6. Computer models say the temperature will get a lot higher, with disastrous effects. Everyone admits that the computer models are incomplete. They don't have fine enough resolution, they don't model clouds well, and there are all kinds of external factors that just have to be fudged in the model, not derived from a basic understanding of the atmosphere. You can't model everything! There are aspects of the air, oceans, soil, and ecology you have to just measure and then plug into the model as constants ("external variables.") And as mentioned above, you have to make a lot of assumptions about the economy too. If your economic prediction for the next 100 years is worthless, so is your climate model.
And in my opinion, there are more fundamental problems with modeling the climate.
For one, there's no track record that can be used to validate the models. They just haven't been around long enough. Getting one version of the model to retroactively predict the past 100 years doesn't tell you much. It could just have the right fudge factors to make it come out right. What you want is something that keeps making accurate predictions into the future. Unfortunately, this is impossible. There will always be unpredictable events, from volcanoes to variations in solar output, that throw off the model. Given how complex the system is and how coarse the models are, you are never going to make an exact prediction of a single year. The model could only be tested against a long range of years, showing that the model had the trends right, not the specific weather. But this takes decades of comparing the model to the actual (future) weather. If global warming is a disaster in progress, by the time you trust the model, it's too late.
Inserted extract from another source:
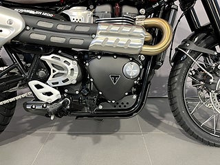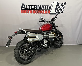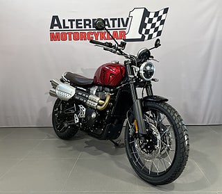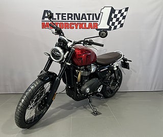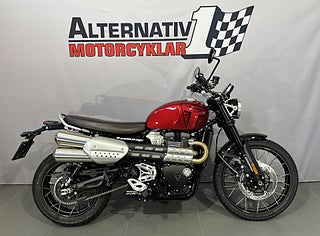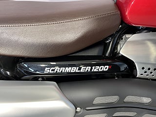 Triumphs coola stora Scrambler 1200 X här i Carnival Red. Här kombinerar Triumph Bonnevilles 1200 cc parallelltwin med modern design och förstklassig förarkomfort utan att glömma Triumphs genuina DNA både on-road och off-road. Scrambler 1200 X har en sitthöjd på 820mm vilket är 20mm lägre än gamla XC modellen och hela 50mm lägre än XE modellen. En lägre sadel finns som tillbehör som är 25mm lägre vilket sänker sitthöjden till 795mm. 6-växlad med 90 hk och hela 1600 mils service-intervaller. TFT-skärm med möjlighet till bluetooth-koppling. 5 körlägen. ABS. TC. LED-belysning. USB-laddning. Triumph har ca 70 tillbehör till Scrambler 1200 vilket gör att du kan sätta personlig prägel på din hoj. #Triumph #Scrambler #X #Scrambler X #1200 #Scrambler 1200 #Scrambler1200 #Modern Classic #off-road #Äventyrshoj #Grushoj #Grusvägshoj #BLL92P #BLL #92P

Another problem is that none of these models even attempt to capture the long-term climate cycles. Any recovery from the "Little Ice Age", let alone something driven by the larger 100,000 year cycle, is just a constant to the model. And that means it's an assumption that can't be tested. A really good model of climate should be able to take data from many previous periods and accurately predict the subsequent climate. Not just the last 100 years, but the weather 1000 or 2000 or 10,000 years ago, given the conditions at the start of that period. But, you can't do that either, since we don't have good enough data on previous periods. You'd want measurements of the atmosphere and oceans at thousands of points around the globe. Instead, we have a handful of data points.
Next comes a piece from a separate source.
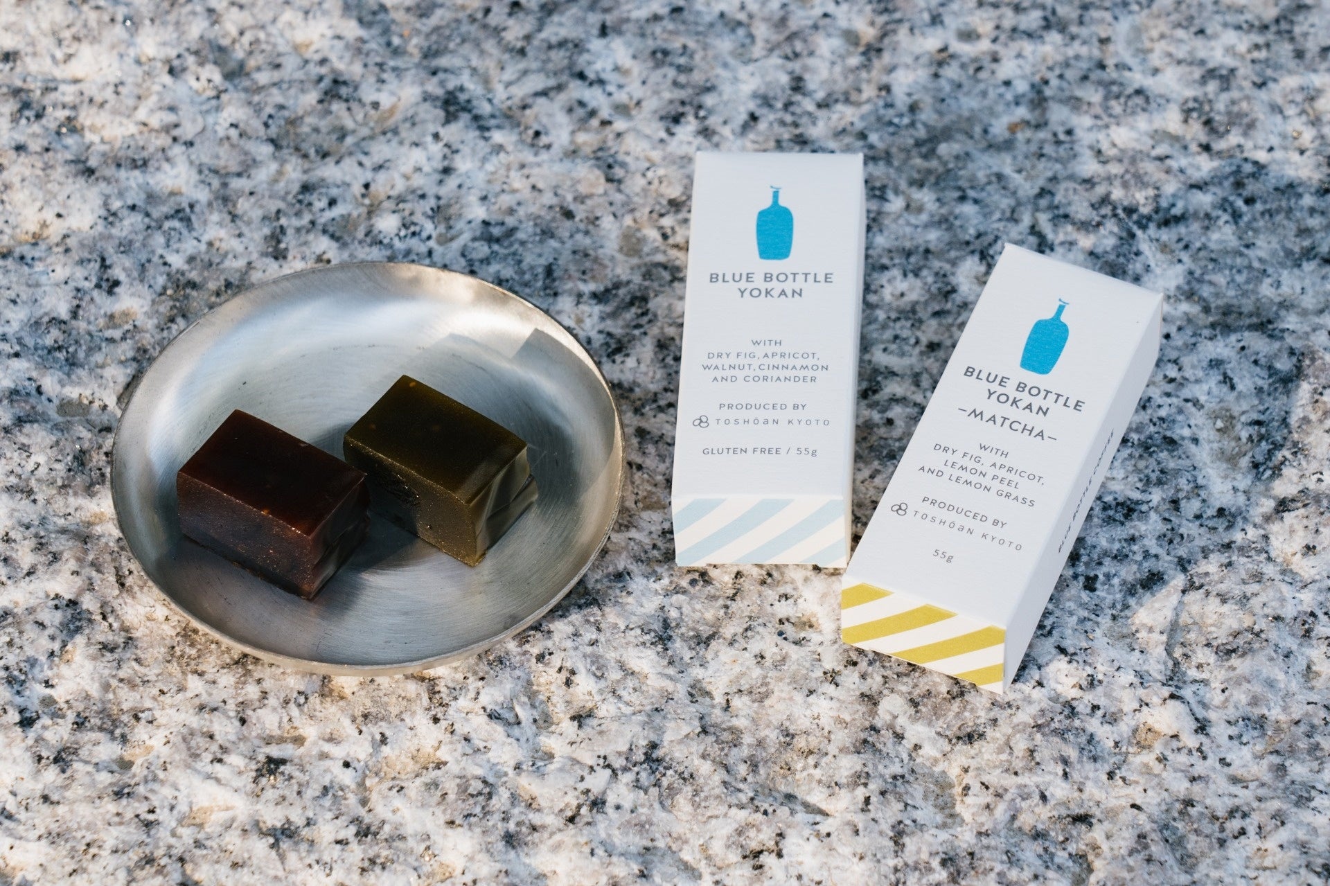 手軽にお召し上がりいただけるメニューには、京都堀川三条で60年以上続くあんこ屋「都松庵(としょうあん)」とコラボレートしたまさにコーヒーのための羊羹をご用意しています。あっさりとした浅練りの生地に、イチジクやくるみを入れ、さらにシナモンとコリアンダーをアクセントに効かせた上品な味わいの「ブルーボトル 羊羹」、そして白あんをベースにレモンとレモングラスを合わせた「ブルーボトル 羊羹 抹茶」の2種類です。コーヒーを片手にお召し上がりいただける包装ですので、アウトドアコーヒーにもぴったりです。

Solar Cycles and Other Natural Causes
We know there are larger forces outside the atmosphere that affect the Earth's climate. The Earth and Sun are moving through the galaxy, exposed to different environments as the solar system orbits the galactic core, over a period of 225-250 million years. The eccentricity of the Earth's orbit (difference from a perfect circle) changes over a 100,000 year period. The tilt of the Earth on its axis varies over 41,000 years, from 21.5 degrees to 24.5 degrees. The axis of the Earth changes direction, undergoing precession (see here) over 26,000 years. All of these change the amount of sunlight received, and the timing of the seasons.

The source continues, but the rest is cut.